A Scientific Statement from the American Association of Cardiovascular and Pulmonary Rehabilitation, the American Heart Association, and the American College of Cardiology has called for greater use of home-based cardiac rehabilitation as a secondary prevention tool in the USA to bring it into line with common practice in other countries.
Published in Circulation, the statement from Randal J Thomas (Mayo Clinic, Rochester, USA) et al says that although cardiac rehabilitation programmes have been shown to reduce morbidity and mortality in adults with ischaemic heart disease, heart failure, or cardiac surgery, they are significantly underused in the USA, and that “new delivery strategies are urgently needed to improve participation”. It adds: “Home-based cardiac rehabilitation has been incorporated into the healthcare systems of several countries, including Australia, Canada, and the UK. The British Heart Foundation recently reported that in the UK >50% of eligible patients are now participating in cardiac rehabilitation after a cardiac event or procedure. Unfortunately, home-based cardiac rehabilitation faces substantial challenges to implementation in the USA, most notably a lack of reimbursement by the Centers for Medicare & Medicaid Services and other third party payers. Of interest, in a recent study of cardiac rehabilitation-eligible patients, when given the option to receive cardiac rehabilitation through a home-based or a centre-based approach, nearly half preferred a home-based approach.”
Thomas et al carried out a systematic review of published studies that compared home-based cardiac rehabilitation with centre-based cardiac rehabilitation to assess the comparative effectiveness and potential benefits of home-based programmes and to explore implementation strategies for their development. A literature search identified 23 studies that used randomised, experimental designs that directly compared outcomes, and the authors used these as the primary scientific basis of the statement. They excluded meta-analyses, systematic reviews, qualitative studies, published letters, editorials, and case reports, as well as studies that compared home-based cardiac rehabilitation with usual care. Patient populations included adults with myocardial infarction, stable angina, or heart failure and those who had undergone coronary revascularisation.
The included studies assessed at least one of the following health outcomes: mortality, morbidity (defined as reinfarction, revascularisation, or cardiac-related hospitalisation), exercise capacity, modifiable cardiovascular risk factors (for example, smoking, lipids, blood pressure, blood glucose, exercise capacity), health related quality of life (HRQOL), adverse events, health services use, cost, or intervention adherence.
The statement recommends: “Although home-based cardiac rehabilitation appears to hold promise in expanding the use of cardiac rehabilitation to eligible patients, additional research and demonstration projects are needed to clarify, strengthen, and extend the home-based cardiac rehabilitation evidence base for key subgroups, including older adults, women, underrepresented minority groups, and other higher-risk and understudied groups.”
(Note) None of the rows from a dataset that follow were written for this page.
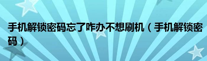 大家好,来宝来为大家解答以下问题,手机解锁密码忘了咋办不想刷机,手机解锁密码很多人还不知道,今天让我们一起来看看吧!
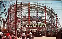 The coaster, originally named Cyclone, was designed by Edward Leis and Vernon Keenan and built by National Amusement Devices. The ride was 3000 feet long, and had a top speed of 55 mph and lasted two minutes and ten seconds. It had two trains, each with five cars, arranged with two per row, two rows per car, for a total of 20 riders per train.
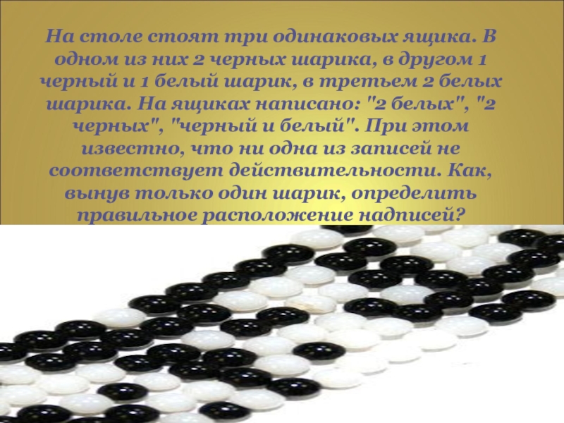 Слайд 6На столе стоят три одинаковых ящика. В одном из них 2
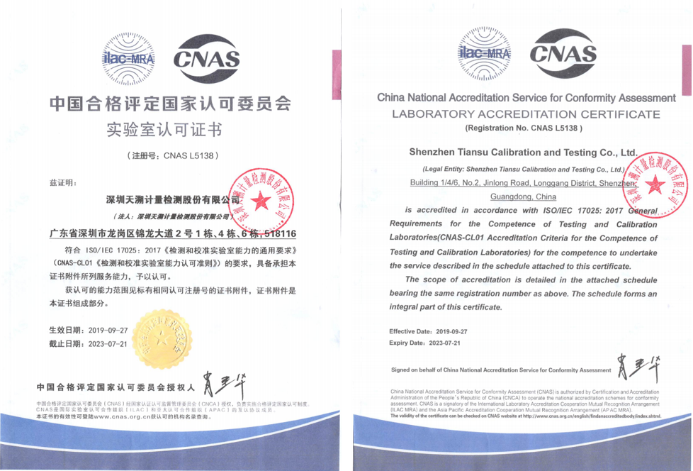 中方检测,是一家经中国合格评定国家认可委员会认可(CNAS证书编号:L11274
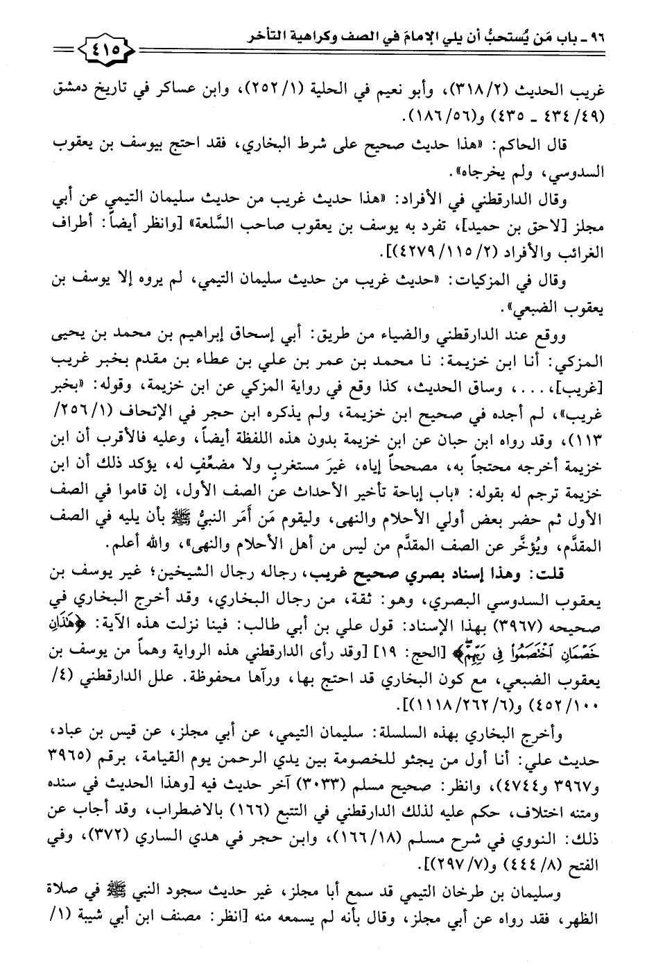 وقال الدارقطني في الأفراد: "هذا حديث غريب من حديث سليمان التيمي عن أبي مجلز [لاحق بن حميد]، تفرد به يوسف بن يعقوب صاحب السَّلعة" [وانظر أيضًا: أطراف الغرائب والأفراد (٢/ ١١٥/ ٤٢٧٩)].

Thomas told Cardiovascular News: “We present evidence and limitations of home-based cardiac rehabilitation, and suggest that the evidence supports its use in patients who are at low-to-moderate risk who cannot attend a centre-based program. There are a number of unanswered questions about home-based cardiac rehabilitation, including its longer-term impact on cardiovascular disease outcomes, its impact in the elderly and underserved populations, and so on. But current evidence is sufficient to suggest it can be considered for lower-risk patients who cannot attend a centre-based program.
The statement was co-published in the Journal of Cardiopulmonary Rehabilitation and Prevention and the Journal of the American College of Cardiology.